Iostat (1) is calculated on the basis of / proc/diskstats, because / proc/diskstats does not separate queue wait time from hard disk processing time, so no tool based on it can provide disk service time and queue-related values, respectively.

Note: in the following formula, "Δ" represents the difference between two samples, and "Δ t" represents the sampling period.

R rd_ios/ s: number of reads per second = [Δ rd_ios/ Δ t] r wkB/s: number of read operations per second = [Δ wr_sectors/ Δ t] tps: number of read O per second = [(Δ rd_ios+ delta wr _ ios) / Δ t] rkB/s: kilobytes read per second = [Δ rd_sectors/ delta t] * [512Universe 1024] wkB/s: kilobytes written per second = [Δ wr_sectors/ delta t] * [512Universe 1024] rrqm/s: Number of merge read operations per second = [Δ rd_merges/ Δ t] wrqm/s: number of merge write operations per second = [Δ wr_merges/ Δ t] avgrq-sz: average number of sectors per rd_sectors+ O = [Δ rd_sectors+ Δ wr _ ios] avgqu-sz: average number of time_in_queue/ O requests in the queue = [Δ time_in_queue/ Δ t]

(it would be more appropriate to understand the average number of outstanding Imax O requests. ) await: average time required for each rd_ticks+ O = [Δ rd_ticks+ delta wr _ ticks] / [Δ rd_ios+ delta wr _ ios]

It includes not only the time that the hard disk device processes the kernel O, but also the time it takes to wait in the queue. R_await: average time required for each read operation = [Δ rd_ticks/ delta Rd _ ios]

It includes not only the time of read operation of the hard disk device, but also the time of waiting in the kernel queue. W_await: average time per write operation = [Δ wr_ticks/ delta wr _ ios]

It includes not only the time of write operation of the hard disk device, but also the time of waiting in the kernel queue. % util: busy ratio of the hard disk device = [Δ io_ticks/ delt]

Indicates that the device has a time ratio of Iamp O (that is, not idle), regardless of the number of Imax O, only consider whether there is one.

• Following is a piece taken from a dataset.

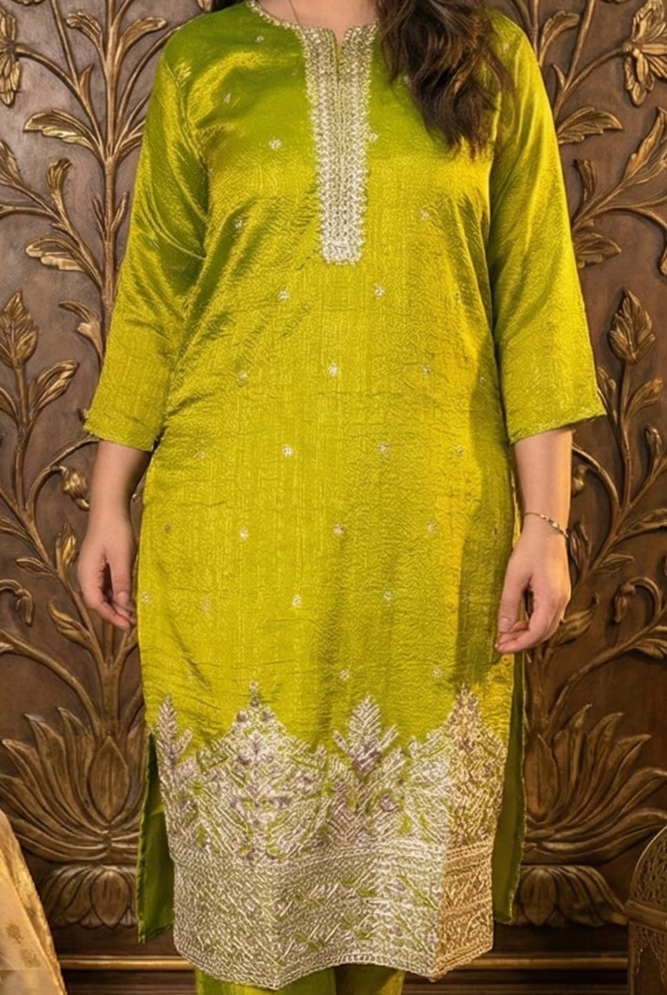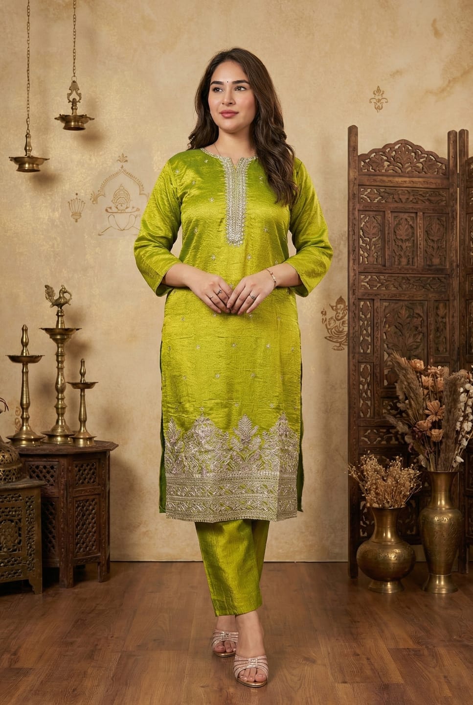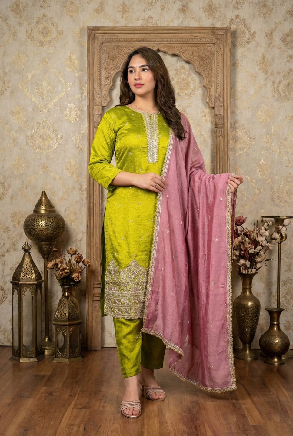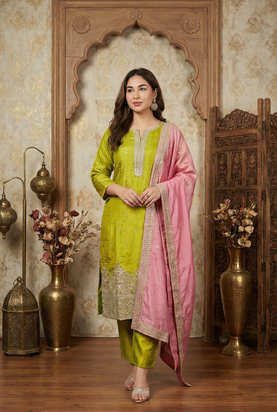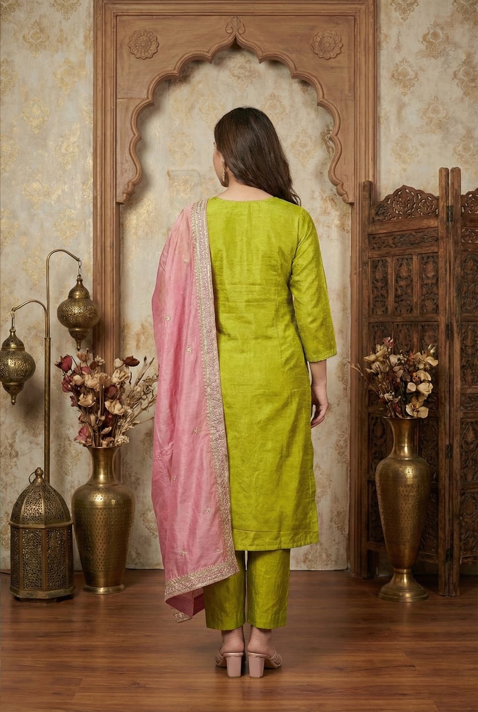 Step into festive elegance with this Label By Anusha ethnic kurta set. Crafted in premium silk blend fabric, this straight-fit green kurta features delicate ethnic embroidery, paired with matching trousers and a beautifully coordinated pink dupatta.

Svctm: indicators that have been discarded are meaningless, svctm= [util/tput]

The proper interpretation of iostat (1) is helpful to analyze the problem correctly, and we discuss it further with the actual case.

About rrqm/s and wrqm/s

As mentioned earlier, if two iUnip O operations occur in adjacent data blocks, they can be merged into one to improve efficiency, and the merging operation is usually the responsibility of iMagano scheduler (also known as elevator).

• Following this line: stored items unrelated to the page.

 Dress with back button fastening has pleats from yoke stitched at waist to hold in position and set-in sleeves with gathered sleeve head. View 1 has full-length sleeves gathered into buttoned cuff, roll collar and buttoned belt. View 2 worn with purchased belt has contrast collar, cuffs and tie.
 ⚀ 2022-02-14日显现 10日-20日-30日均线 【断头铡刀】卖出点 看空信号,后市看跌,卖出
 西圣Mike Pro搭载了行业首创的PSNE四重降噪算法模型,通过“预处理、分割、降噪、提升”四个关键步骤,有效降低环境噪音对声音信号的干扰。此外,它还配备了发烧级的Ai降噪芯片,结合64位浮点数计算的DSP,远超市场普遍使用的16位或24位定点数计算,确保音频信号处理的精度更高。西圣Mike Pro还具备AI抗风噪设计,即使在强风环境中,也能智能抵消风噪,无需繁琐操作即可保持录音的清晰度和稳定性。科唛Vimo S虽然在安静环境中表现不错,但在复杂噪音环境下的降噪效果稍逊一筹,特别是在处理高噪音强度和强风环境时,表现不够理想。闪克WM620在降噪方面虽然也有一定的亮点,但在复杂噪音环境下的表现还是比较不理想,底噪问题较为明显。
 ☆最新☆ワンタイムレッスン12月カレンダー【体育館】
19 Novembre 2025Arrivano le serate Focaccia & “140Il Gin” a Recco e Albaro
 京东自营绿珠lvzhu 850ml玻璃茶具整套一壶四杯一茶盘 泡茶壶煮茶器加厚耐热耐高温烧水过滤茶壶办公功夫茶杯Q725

The following example performs the same stress test on many hard drive devices, only the sdb is faster than other hard drives, but the hard drive models are all the same, why does sdb behave differently?

You can see that the rrqm/s of other hard drives is 0, but sdb is not, so it is more efficient because of the combination of rMB/s and rMB/s. We know that the merging of sdb is responsible for the kernel's IUnip O sys/block/sdb/queue/scheduler (elevator), so we checked the / sys/block/sdb/queue/scheduler of sdb and found that it uses a different scheduler from other hard drives, so the performance is different.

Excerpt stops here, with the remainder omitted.